Vor allem seit am Freitag vor zehn Tagen das Verwaltungsgericht Hamburg einem Eilantrag von Anwohnern stattgab und damit vorerst den Umbau zu einer Flüchtlingsunterkunft stoppte, ist die Empörung in der Stadt groß. Die Tinte unter der Gerichtsentscheidung war noch gar nicht getrocknet, als viele Kritiker kein Blatt mehr vor den Mund nahmen und die Richter heftig attackierten. Eine Kommentatorin des NDR sprach gar von einem „Urteil der Schande“.

Was das Gericht entschied

Die Richter hatten entschieden, Anwohner, deren Grundstücke in dem gleichen Baublock wie die geplante Einrichtung lägen, könnten sich auf einen sogenannten Gebietserhaltungsanspruch berufen. So weise der geltende Bebauungsplan das Gebiet als besonders geschütztes Wohngebiet aus und die Unterbringung von bis zu 220 Wohnungslosen und Flüchtlingen in der vom Bezirksamt vorgesehenen Art und Weise sei in dem geplanten Umfang in einem besonders geschützten Wohngebiet nicht zulässig.

Was viele Kritiker der ersten Stunden übersahen: die Richter hatten keineswegs die Einrichtung einer Flüchtlingsunterkunft untersagt, sondern lediglich die aus ihrer Sicht zu hohe Zahl an unterzubringenden Flüchtlingen bemängelt. Doch vor allem die wahlkämpfenden Parteien achteten nicht auf diese Feinheiten. Sie warfen den Klägern, die sich aus ihrer Sicht vor Gericht lediglich gegen eine Verwaltungsentscheidung wehrten, mangelnde Solidarität, Egoismus und Kleinkariertheit vor.

Eine Woche nach dem Richterspruch haben sich die Gemüter wieder etwas abgekühlt. Hendrikje Blandow-Schlegel, Erste Vorsitzende des Vereins Flüchtlingshilfe Harvestehude, hält das Urteil zwar nach wie vor für eine moralische Fehlentscheidung, die an der Lebenswirklichkeit vorbeigehe. „Aber es ist sinnvoll, die Entscheidung des Oberverwaltungsgerichts über die vom Bezirksamt eingereichte Beschwerde abzuwarten“, sagte die Rechtsanwältin.

Nach ihren Worten ist die jetzt aufgeworfene Frage von grundsätzlicher Bedeutung. Es müsse geklärt werden, ob einzelne Anwohner Veränderungen in ihrem Wohnumfeld verhindern könnten, indem sie sich auf einen Bebauungsplan aus den 50er-Jahren beriefen. Schließlich sei Harvestehude nicht der einzige Stadtteil, in dem Bürger gegen die Einrichtung einer Flüchtlingsunterkunft mobil machten.

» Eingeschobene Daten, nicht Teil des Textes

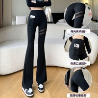 2025春夏款高腰彈力口袋字母微喇褲 薄款網紗 提臀顯瘦鯊魚褲芭比褲

Hätten Klagen verhindert werden können?

Immerhin 1500 Hektar der Hamburger Stadtfläche gelten nach Auskunft der Stadtentwicklungsbehörde (BSU) als „besonders geschützte Wohngebiete“. Oftmals wurden diese Flächen 1938 als solche ausgewiesen, und der Schutz 1955 erneuert. In den 50er- und 60er Jahren herrschte bei Stadtplanern die Meinung vor, Arbeiten und Wohnen müssten getrennt werden. Allerdings treibt Stadtplaner oft auch die Sorge um, Hamburg könne sein historisches Gesicht verlieren, würden Viertel verändert.

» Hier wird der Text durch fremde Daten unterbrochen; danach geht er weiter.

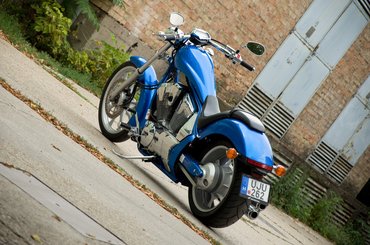 Pedig a motor gyönyörűen, puhán jár. Meglepő, de 120-ig abszolút tűrhető a szél nyomása. A váltó hosszú úton, óriásikat csattanva kapcsol – tehát megvan a harley-s idessüss-hang a pirosnál – viszont Honda, tehát precíz, kis erő kell a működtetéséhez. Kipufogómorajt persze szűken mértek a japáni konyhás nénik, hiszen ők is ismerik az emissziós normákat, de ami van, az szorgos, rotyogós, motorféken kellemesen recegős. Persze nincs meg benne az a sántítás, mint a Harley-knál, hiszen az ilyen műszaki hibának minősül a Honda kelléktárában, de cseppet sem rossz. De minek is beszélek itt hangról – szerintem Magyarországon száz százalék körül lesz azoknak az aránya, akiknek ezzel a géppel az első útjuk a kipufogóshoz vezet a kereskedésből... Hogy miért nem találja már fel a Honda a műanyag, eldobható kipufogóval szerelt custom gépet a kelet-európai piacokra?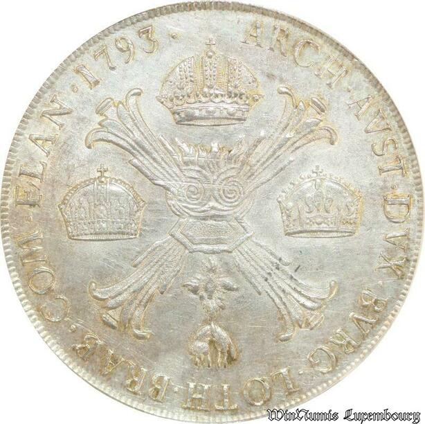 S1096 Rare Italy Habsburg Kronenthaler 1793 Milan PCGS AU58 Lustre -> Make offer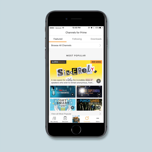 The cover art and branded needed to showcase the quality of Audible exclusive short form content. Channels topics range from comedy and short fiction to history lectures and audio news. Audible and Amazon Prime listeners can get access to original series and handcrafted playlists.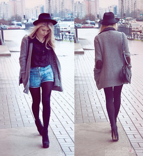 1. 開(kāi)襟灰色針織毛衣可以搭配在黑色襯衫和牛仔褲外,如果你想要與眾不同的感覺(jué),那就選擇一款黑色寬檐帽作為配飾,搭配黑色Legging和高跟鞋,就非常有味道了。

Auf 629 Einzelflächen, deren Größe von sechs Quadratmetern bis 63 Hektar reicht, kommt die BSU nach eigener Darstellung. Die Flächen liegen oft in gutbürgerlichen Stadtteilen wie Harvestehude, Groß Flottbek, Sasel, Wellingsbüttel, Eppendorf und Othmarschen. Eine Änderung des Status ist ohne Weiteres möglich. Das zuständige Bezirksamt muss einen neuen Bebauungsplan aufstellen. Das dauert etwa zwei Jahre.

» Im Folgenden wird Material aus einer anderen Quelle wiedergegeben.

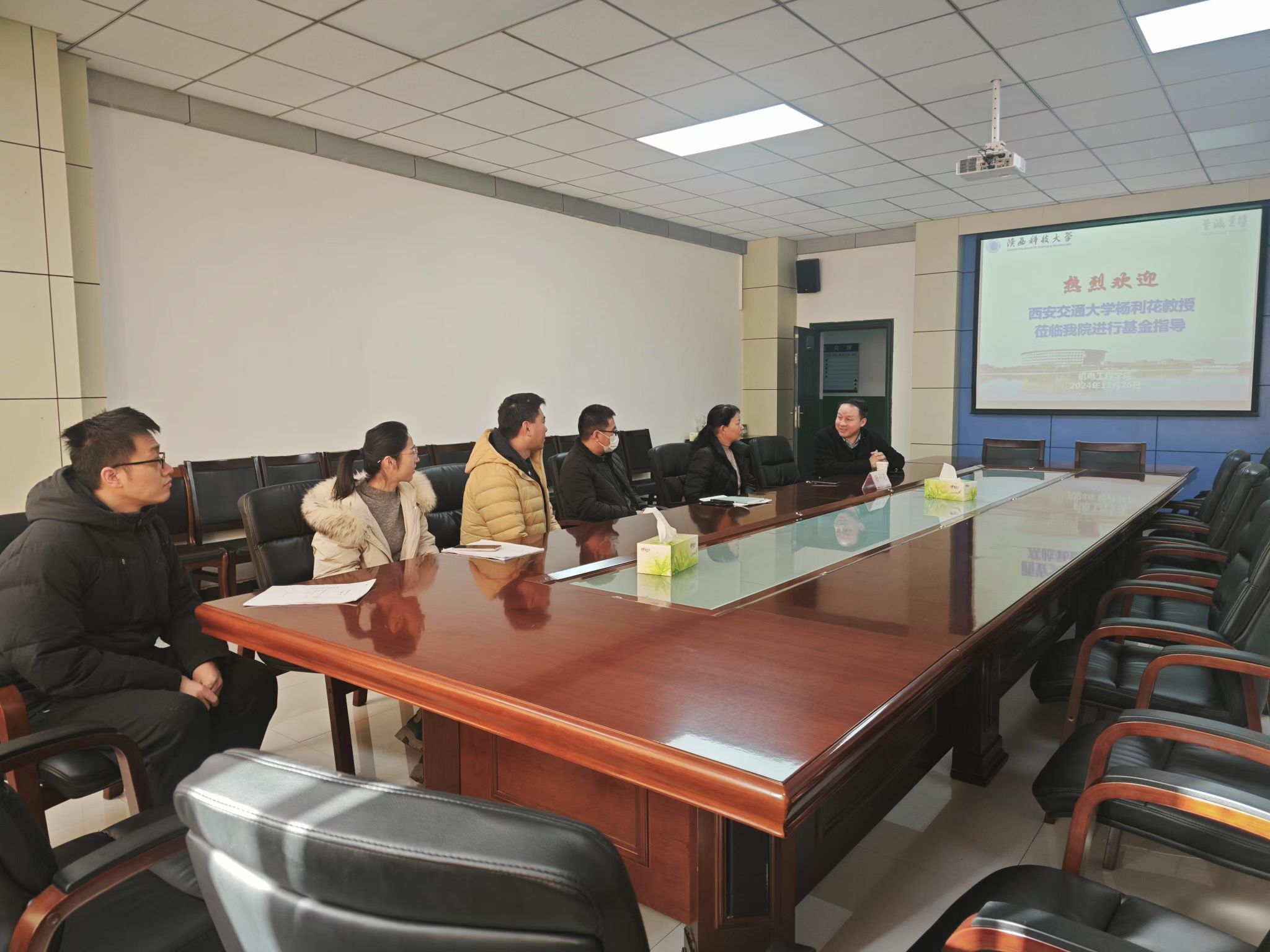 袁越錦對楊利花的到來表示熱烈歡迎,首先介紹了機(jī)電學(xué)院近年來的發(fā)展情況和所取得的科研成果。同時表示機(jī)電學(xué)院科研工作的高效開展快速進(jìn)步離不開西安交通大學(xué)等陜西標(biāo)桿高校的幫助。

Inzwischen rückt das Verhalten der staatlichen Verwaltung in den Blickpunkt der Öffentlichkeit. Der Eimsbütteler CDU-Bezirksabgeordnete Michael Westenberger glaubt, es wäre nicht zu den Klagen gekommen, wenn Verwaltung und Kommunalpolitik früher auf die Gegner zugegangen wären. Die Grünen wiederum haben inzwischen vorgeschlagen, in dem ehemaligen Kreiswehrersatzamt Wohnungen für Wohnungslose und Flüchtlinge zu errichten.